Input Features (↑)

The input_features section is list of feature definitions. Each feature definition contains two required fields: name and type.

YAMLPython Dict

input_features:
    -
        name: Pclass
        type: category

{
    "input_features": [{"name": "Pclass", "type": "category"}]
}

name is the name of the feature in the dataset. type is one of the supported data types.

Preprocessing¶

Recall Ludwig's butterfly framework.

Each input feature can specify its own preprocessing via the preprocessing sub-section.

YAMLPython Dict

input_features:
    -
        name: Fare
        type: number
        preprocessing:
            missing_value_strategy: fill_with_mean

{
    "input_features": [
        {
            "name": "Fare",
            "type": "number",
            "preprocessing": {
                "missing_value_strategy": "fill_with_mean"
            }
        }
    ]
}

It's also possible to specify preprocessing rules for all features of a certain type. See type-global preprocessing.

Encoders¶

Each input feature can configure a specific encoder to map input feature values into tensors. For instance, a user might want to encode a sequence feature using a transformer or an image feature using a stacked_cnn. Different data types support different encoders. Check the documentation for specific feature types to see what encoders are supported for that type.

All the other parameters besides name, type, and preprocessing, will be passed as parameters to the function that build the input feature's encoder, and each encoder can have different parameters. Extensive documentation for all of the encoders that can be used for a certain data type can also be found in each data type's documentation.

YAMLPython Dict

input_features:
    -
        name: text
        type: text
        encoder: bert
        preprocessing:
            tokenizer: space
        reduce_output: null
        trainable: true

{
    "input_features": [
        {
            "name": "text",
            "type": "text",
            "encoder": "bert",
            "level": "word",
            "preprocessing": {
                "word_tokenizer": "space"
            },
            "reduce_output": None,
            "trainable": True
        }
    ]
}

Encoders map raw feature values into tensors. These are usually vectors in the case of data types without a temporal / sequential aspect, matrices for when there is a temporal / sequential aspect, or higher rank tensors for when there is a spatial or a spatiotemporal aspect to the input data.

Different configurations of the same encoder may return a tensor with different rank, for instance a sequential encoder may return a vector of size h that is either the final vector of a sequence or the result of pooling over the sequence length, or it can return a matrix of size l x h where l is the length of the sequence and h is the hidden dimension if you specify the pooling reduce operation (reduce_output) to be None.
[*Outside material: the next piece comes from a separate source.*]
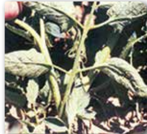
Domateste yaprakbiti zararı

For the sake of simplicity you can imagine the output to be a vector in most of the cases, but there is a reduce_output parameter one can specify to change the default behavior.

For first-time users, we recommend starting with the defaults.

Tying encoder weights¶

An additional feature that Ludwig provides is the option to have tied weights between different encoders. For instance, if my model takes two sentences as input and return the probability of their entailment, I may want to encode both sentences with the same encoder.

This is done by specifying the tied parameter of one feature to be the name of another output feature. For example:

YAMLPython Dict

input_features:
    -
        name: sentence1
        type: text
    -
        name: sentence2
        type: text
        tied: sentence1

{
    "input_features": [
        {
            "name": "sentence1",
            "type": "text"
        },
        {
            "name": "sentence2",
            "type": "text",
            "tied": "sentence1"
        }
    ]
}

Specifying a name of a non-existent input feature will result in an error. Also, in order to be able to have tied weights, all encoder parameters have to be identical between the two input features.